DATASET:
= = =

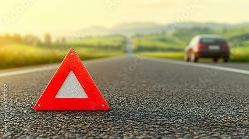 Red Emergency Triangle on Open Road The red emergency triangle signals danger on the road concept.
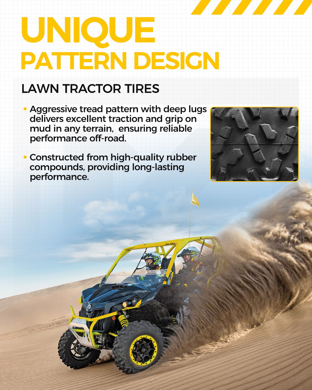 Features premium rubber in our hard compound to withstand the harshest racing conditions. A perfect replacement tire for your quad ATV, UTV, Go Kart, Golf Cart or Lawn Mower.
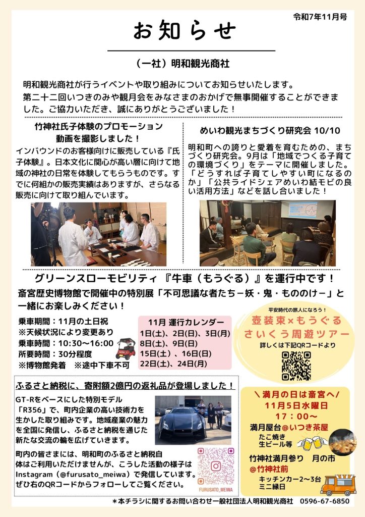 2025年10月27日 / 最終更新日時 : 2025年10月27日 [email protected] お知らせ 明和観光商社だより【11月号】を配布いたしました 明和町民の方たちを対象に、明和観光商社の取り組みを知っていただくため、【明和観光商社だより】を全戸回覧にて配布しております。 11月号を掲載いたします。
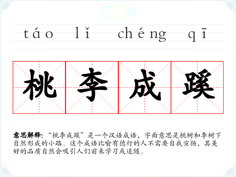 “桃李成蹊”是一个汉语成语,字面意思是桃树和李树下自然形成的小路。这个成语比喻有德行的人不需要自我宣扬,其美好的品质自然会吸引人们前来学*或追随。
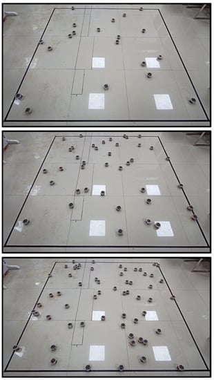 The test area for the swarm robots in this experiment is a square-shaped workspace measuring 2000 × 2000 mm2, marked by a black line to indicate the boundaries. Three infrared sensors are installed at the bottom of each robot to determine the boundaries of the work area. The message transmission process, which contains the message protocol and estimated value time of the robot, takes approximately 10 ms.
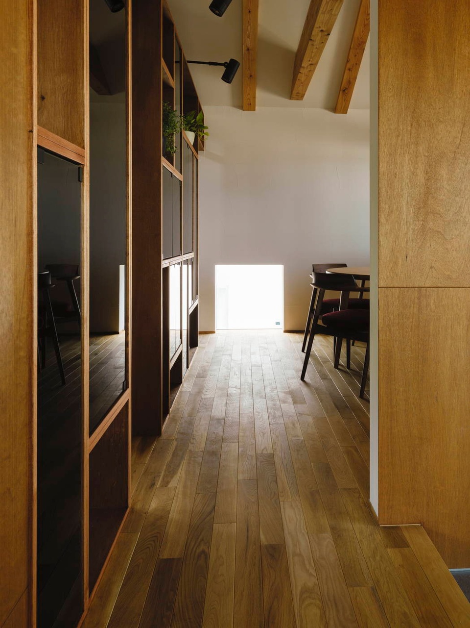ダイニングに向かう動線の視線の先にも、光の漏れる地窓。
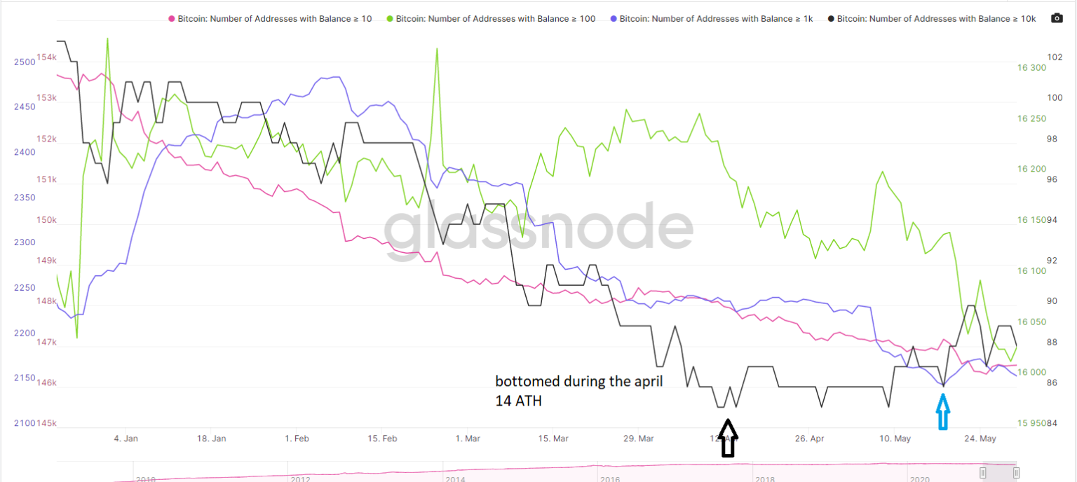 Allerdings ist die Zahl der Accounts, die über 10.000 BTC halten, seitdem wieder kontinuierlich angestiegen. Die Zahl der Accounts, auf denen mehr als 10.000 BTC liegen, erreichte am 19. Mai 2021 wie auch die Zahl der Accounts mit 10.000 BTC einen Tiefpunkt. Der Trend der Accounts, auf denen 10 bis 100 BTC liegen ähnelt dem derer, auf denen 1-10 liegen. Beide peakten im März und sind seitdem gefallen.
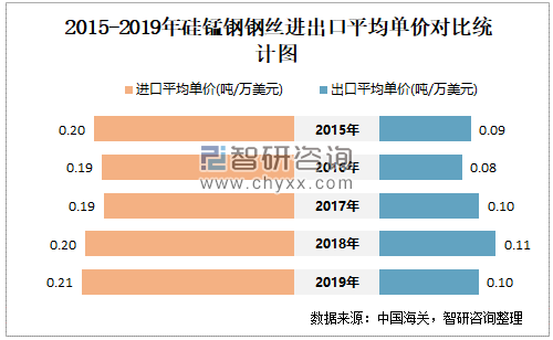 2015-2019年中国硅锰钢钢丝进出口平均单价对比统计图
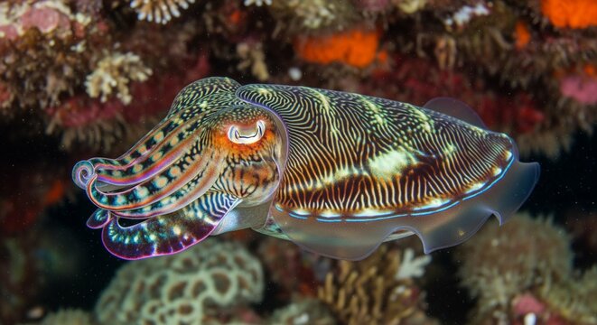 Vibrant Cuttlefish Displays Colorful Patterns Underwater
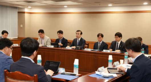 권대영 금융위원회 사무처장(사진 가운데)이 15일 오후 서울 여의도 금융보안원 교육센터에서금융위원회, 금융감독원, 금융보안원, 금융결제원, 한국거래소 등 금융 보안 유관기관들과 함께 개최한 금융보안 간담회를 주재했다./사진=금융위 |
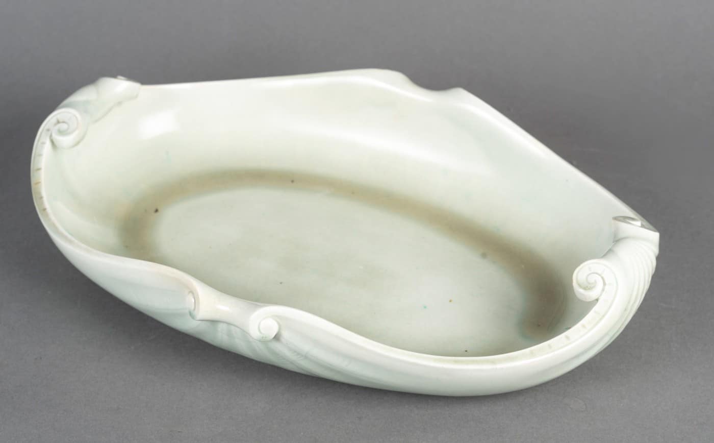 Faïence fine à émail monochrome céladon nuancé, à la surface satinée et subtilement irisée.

= = =

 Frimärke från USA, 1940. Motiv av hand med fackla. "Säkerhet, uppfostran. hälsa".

= = =

PROBLEM: Starting at the line above that has "Features premium rubber" and ending at the line that has "ダイニングに向かう動線の視線の先にも、光の漏れる地窓。", copy each line exactly, leaving the pictures out and adding nothing.

WORKED SOLUTION:
 Features premium rubber in our hard compound to withstand the harshest racing conditions. A perfect replacement tire for your quad ATV, UTV, Go Kart, Golf Cart or Lawn Mower.
 2025年10月27日 / 最終更新日時 : 2025年10月27日 [email protected] お知らせ 明和観光商社だより【11月号】を配布いたしました 明和町民の方たちを対象に、明和観光商社の取り組みを知っていただくため、【明和観光商社だより】を全戸回覧にて配布しております。 11月号を掲載いたします。
 “桃李成蹊”是一个汉语成语,字面意思是桃树和李树下自然形成的小路。这个成语比喻有德行的人不需要自我宣扬,其美好的品质自然会吸引人们前来学*或追随。
 The test area for the swarm robots in this experiment is a square-shaped workspace measuring 2000 × 2000 mm2, marked by a black line to indicate the boundaries. Three infrared sensors are installed at the bottom of each robot to determine the boundaries of the work area. The message transmission process, which contains the message protocol and estimated value time of the robot, takes approximately 10 ms.
ダイニングに向かう動線の視線の先にも、光の漏れる地窓。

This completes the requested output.